(INSTRUCTIONS FOR THE TASK) Set the data down again, exactly as it reads, but without the pictures.

(DATASET EXTRACT)
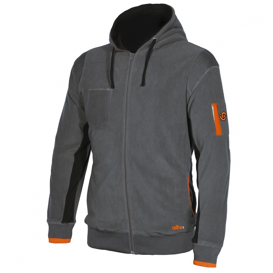 Mikrofleece mikina se čtyřmi kapsami, pevnou kapucí a elastickou vložkou pro větší komfort. Je lehká a současně hřeje. Složení: Mikrofleece nežmolkující 100% polyester 160 g / m². Barva antracitová šedá s černými a oranžovými prvky.
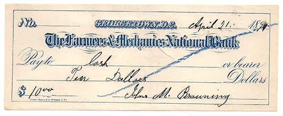 Bank check, Georgetown, DC, April 21, 1891, accomplished in Browning’s hand, made payable to “Cash” for ten Dollars. Boldly signed “John M. Browning”. A very scarce signature ...................................SOLD
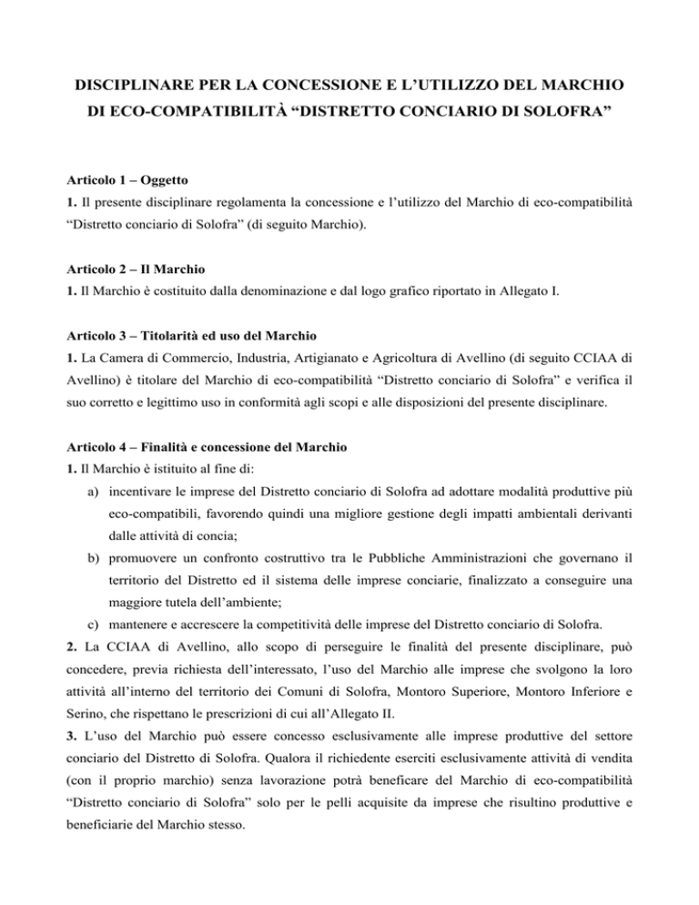 DISCIPLINARE PER LA CONCESSIONE E L’UTILIZZO DEL MARCHIO DI ECO-COMPATIBILITÀ “DISTRETTO CONCIARIO DI SOLOFRA” Articolo 1 – Oggetto 1. Il presente disciplinare regolamenta la concessione e l’utilizzo del Marchio di eco-compatibilità “Distretto conciario di Solofra” (di seguito Marchio). Articolo 2 – Il Marchio 1. Il Marchio è costituito dalla denominazione e dal logo grafico riportato in Allegato I. Articolo 3 – Titolarità ed uso del Marchio 1. La Camera di Commercio, Industria, Artigianato e Agricoltura di Avellino (di seguito CCIAA di Avellino) è titolare del Marchio di eco-compatibilità “Distretto conciario di Solofra” e verifica il suo corretto e legittimo uso in conformità agli scopi e alle disposizioni del presente disciplinare. Articolo 4 – Finalità e concessione del Marchio 1. Il Marchio è istituito al fine di: a) incentivare le imprese del Distretto conciario di Solofra ad adottare modalità produttive più eco-compatibili, favorendo quindi una migliore gestione degli impatti ambientali derivanti dalle attività di concia; b) promuovere un confronto costruttivo tra le Pubbliche Amministrazioni che governano il territorio del Distretto ed il sistema delle imprese conciarie, finalizzato a conseguire una maggiore tutela dell’ambiente; c) mantenere e accrescere la competitività delle imprese del Distretto conciario di Solofra. 2. La CCIAA di Avellino, allo scopo di perseguire le finalità del presente disciplinare, può concedere, previa richiesta dell’interessato, l’uso del Marchio alle imprese che svolgono la loro attività all’interno del territorio dei Comuni di Solofra, Montoro Superiore, Montoro Inferiore e Serino, che rispettano le prescrizioni di cui all’Allegato II. 3. L’uso del Marchio può essere concesso esclusivamente alle imprese produttive del settore conciario del Distretto di Solofra. Qualora il richiedente eserciti esclusivamente attività di vendita (con il proprio marchio) senza lavorazione potrà beneficare del Marchio di eco-compatibilità “Distretto conciario di Solofra” solo per le pelli acquisite da imprese che risultino produttive e beneficiarie del Marchio stesso. 4. La concessione non è cedibile a terzi. In caso di vendita dell’impresa la concessione viene trasferita alla nuova proprietà, previa presentazione alla CCIAA di Avellino di una nuova domanda di concessione secondo quanto stabilito dall’articolo 5. 5. L’uso della denominazione e del Marchio viene concesso gratuitamente e per periodi di tempo limitati secondo quanto stabilito dall’articolo 7, commi 3 e 5. 6. Il Marchio non può in nessun caso essere utilizzato prima della conclusione della procedura di ottenimento dello stesso, secondo le modalità previste dall’articolo 7. 7. In caso di uso non autorizzato del Marchio si applica quanto previsto dall’articolo 11. 8. In caso di mancato rinnovo della concessione d’uso del Marchio, questo deve essere rimosso da tutti i luoghi, supporti, materiali e prodotti identificati all’articolo 8. In caso di non ottemperanza a quanto previsto dal presente comma verranno avviate le procedure indicate all’articolo 11. Articolo 5 – Domanda 1. La concessione d’uso del Marchio può essere richiesta previa presentazione alla CCIAA di Avellino di una domanda, presentata dal legale rappresentante dell’impresa richiedente o da suo delegato, utilizzando il modello riportato nell’Allegato III. 2. Le domande dovranno essere inviate alla CCIAA di Avellino, Viale Cassitto 7, 83100 - Avellino. 3. La presentazione della domanda alla CCIAA di Avellino può avvenire: a) mediante spedizione postale a mezzo di raccomandata senza avviso di ricevimento; b) mediante consegna diretta alla sede della CCIAA stessa; c) tramite PEC da inviare a [email protected]. 4. La domanda dovrà essere spedita o consegnata in busta chiusa, sulla quale dovrà essere riportata la seguente dicitura: “Domanda per concessione d’uso del Marchio di eco-compatibilità Distretto conciario di Solofra”. Articolo 6 – Soggetti che possono richiedere la concessione per l’uso del Marchio 1. Possono richiedere la concessione per l’uso del Marchio le imprese, iscritte nel Registro delle Imprese della CCIAA di Avellino che rispondono ai requisiti di cui ai commi 2 e 3 dell’ articolo 4. 2. L’elenco delle imprese cui è stato concesso l’uso del Marchio e quello dei relativi prodotti è pubblico ed è consultabile nel Portale internet del Distretto di Solofra (www.distrettosolofra.com). Nel medesimo portale è disponibile e scaricabile copia integrale del presente disciplinare e dei relativi allegati, Tali documenti, in alternativa, possono essere richiesti anche in forma cartacea alla CCIAA di Avellino con spese di spedizione a cura del richiedente. 3. La CCIAA di Avellino entro il 31 gennaio di ogni anno predispone una relazione riferita all’anno precedente contenente: a) l’elenco aggiornato delle imprese di cui al comma 2; b) una valutazione sul perseguimento delle finalità di cui all’articolo 4, comma 1; c) eventuali problemi emersi nella concessione d’uso del Marchio, in particolare per le domande respinte; d) ogni altro elemento utile ad esercitare un’azione di monitoraggio, coordinamento e promozione dell’uso del Marchio; e) eventuali proposte operative per la corretta applicazione del presente disciplinare; f) eventuali proposte di revisione del presente disciplinare. 4. La CCIAA di Avellino sottopone la relazione di cui al comma 3 al Comitato Promotore per la realizzazione del Marchio di eco-compatibilità del Distretto di Solofra e per il conseguimento dell’attestazione APO EMAS distretto di Solofra (di seguito Comitato Promotore), istituito con il Protocollo d’Intesa del 15 maggio 2008, in occasione della prima riunione utile di tale Comitato. Articolo 7 – Rilascio della concessione 1. L’utilizzo del Marchio è concesso dalla CCIAA di Avellino con determinazione del Segretario Generale. 2. La co

(YOUR SOLUTION)
 Mikrofleece mikina se čtyřmi kapsami, pevnou kapucí a elastickou vložkou pro větší komfort. Je lehká a současně hřeje. Složení: Mikrofleece nežmolkující 100% polyester 160 g / m². Barva antracitová šedá s černými a oranžovými prvky.
 Bank check, Georgetown, DC, April 21, 1891, accomplished in Browning’s hand, made payable to “Cash” for ten Dollars. Boldly signed “John M. Browning”. A very scarce signature ...................................SOLD
 DISCIPLINARE PER LA CONCESSIONE E L’UTILIZZO DEL MARCHIO DI ECO-COMPATIBILITÀ “DISTRETTO CONCIARIO DI SOLOFRA” Articolo 1 – Oggetto 1. Il presente disciplinare regolamenta la concessione e l’utilizzo del Marchio di eco-compatibilità “Distretto conciario di Solofra” (di seguito Marchio). Articolo 2 – Il Marchio 1. Il Marchio è costituito dalla denominazione e dal logo grafico riportato in Allegato I. Articolo 3 – Titolarità ed uso del Marchio 1. La Camera di Commercio, Industria, Artigianato e Agricoltura di Avellino (di seguito CCIAA di Avellino) è titolare del Marchio di eco-compatibilità “Distretto conciario di Solofra” e verifica il suo corretto e legittimo uso in conformità agli scopi e alle disposizioni del presente disciplinare. Articolo 4 – Finalità e concessione del Marchio 1. Il Marchio è istituito al fine di: a) incentivare le imprese del Distretto conciario di Solofra ad adottare modalità produttive più eco-compatibili, favorendo quindi una migliore gestione degli impatti ambientali derivanti dalle attività di concia; b) promuovere un confronto costruttivo tra le Pubbliche Amministrazioni che governano il territorio del Distretto ed il sistema delle imprese conciarie, finalizzato a conseguire una maggiore tutela dell’ambiente; c) mantenere e accrescere la competitività delle imprese del Distretto conciario di Solofra. 2. La CCIAA di Avellino, allo scopo di perseguire le finalità del presente disciplinare, può concedere, previa richiesta dell’interessato, l’uso del Marchio alle imprese che svolgono la loro attività all’interno del territorio dei Comuni di Solofra, Montoro Superiore, Montoro Inferiore e Serino, che rispettano le prescrizioni di cui all’Allegato II. 3. L’uso del Marchio può essere concesso esclusivamente alle imprese produttive del settore conciario del Distretto di Solofra. Qualora il richiedente eserciti esclusivamente attività di vendita (con il proprio marchio) senza lavorazione potrà beneficare del Marchio di eco-compatibilità “Distretto conciario di Solofra” solo per le pelli acquisite da imprese che risultino produttive e beneficiarie del Marchio stesso. 4. La concessione non è cedibile a terzi. In caso di vendita dell’impresa la concessione viene trasferita alla nuova proprietà, previa presentazione alla CCIAA di Avellino di una nuova domanda di concessione secondo quanto stabilito dall’articolo 5. 5. L’uso della denominazione e del Marchio viene concesso gratuitamente e per periodi di tempo limitati secondo quanto stabilito dall’articolo 7, commi 3 e 5. 6. Il Marchio non può in nessun caso essere utilizzato prima della conclusione della procedura di ottenimento dello stesso, secondo le modalità previste dall’articolo 7. 7. In caso di uso non autorizzato del Marchio si applica quanto previsto dall’articolo 11. 8. In caso di mancato rinnovo della concessione d’uso del Marchio, questo deve essere rimosso da tutti i luoghi, supporti, materiali e prodotti identificati all’articolo 8. In caso di non ottemperanza a quanto previsto dal presente comma verranno avviate le procedure indicate all’articolo 11. Articolo 5 – Domanda 1. La concessione d’uso del Marchio può essere richiesta previa presentazione alla CCIAA di Avellino di una domanda, presentata dal legale rappresentante dell’impresa richiedente o da suo delegato, utilizzando il modello riportato nell’Allegato III. 2. Le domande dovranno essere inviate alla CCIAA di Avellino, Viale Cassitto 7, 83100 - Avellino. 3. La presentazione della domanda alla CCIAA di Avellino può avvenire: a) mediante spedizione postale a mezzo di raccomandata senza avviso di ricevimento; b) mediante consegna diretta alla sede della CCIAA stessa; c) tramite PEC da inviare a [email protected]. 4. La domanda dovrà essere spedita o consegnata in busta chiusa, sulla quale dovrà essere riportata la seguente dicitura: “Domanda per concessione d’uso del Marchio di eco-compatibilità Distretto conciario di Solofra”. Articolo 6 – Soggetti che possono richiedere la concessione per l’uso del Marchio 1. Possono richiedere la concessione per l’uso del Marchio le imprese, iscritte nel Registro delle Imprese della CCIAA di Avellino che rispondono ai requisiti di cui ai commi 2 e 3 dell’ articolo 4. 2. L’elenco delle imprese cui è stato concesso l’uso del Marchio e quello dei relativi prodotti è pubblico ed è consultabile nel Portale internet del Distretto di Solofra (www.distrettosolofra.com). Nel medesimo portale è disponibile e scaricabile copia integrale del presente disciplinare e dei relativi allegati, Tali documenti, in alternativa, possono essere richiesti anche in forma cartacea alla CCIAA di Avellino con spese di spedizione a cura del richiedente. 3. La CCIAA di Avellino entro il 31 gennaio di ogni anno predispone una relazione riferita all’anno precedente contenente: a) l’elenco aggiornato delle imprese di cui al comma 2; b) una valutazione sul perseguimento delle finalità di cui all’articolo 4, comma 1; c) eventuali problemi emersi nella concessione d’uso del Marchio, in particolare per le domande respinte; d) ogni altro elemento utile ad esercitare un’azione di monitoraggio, coordinamento e promozione dell’uso del Marchio; e) eventuali proposte operative per la corretta applicazione del presente disciplinare; f) eventuali proposte di revisione del presente disciplinare. 4. La CCIAA di Avellino sottopone la relazione di cui al comma 3 al Comitato Promotore per la realizzazione del Marchio di eco-compatibilità del Distretto di Solofra e per il conseguimento dell’attestazione APO EMAS distretto di Solofra (di seguito Comitato Promotore), istituito con il Protocollo d’Intesa del 15 maggio 2008, in occasione della prima riunione utile di tale Comitato. Articolo 7 – Rilascio della concessione 1. L’utilizzo del Marchio è concesso dalla CCIAA di Avellino con determinazione del Segretario Generale. 2. La co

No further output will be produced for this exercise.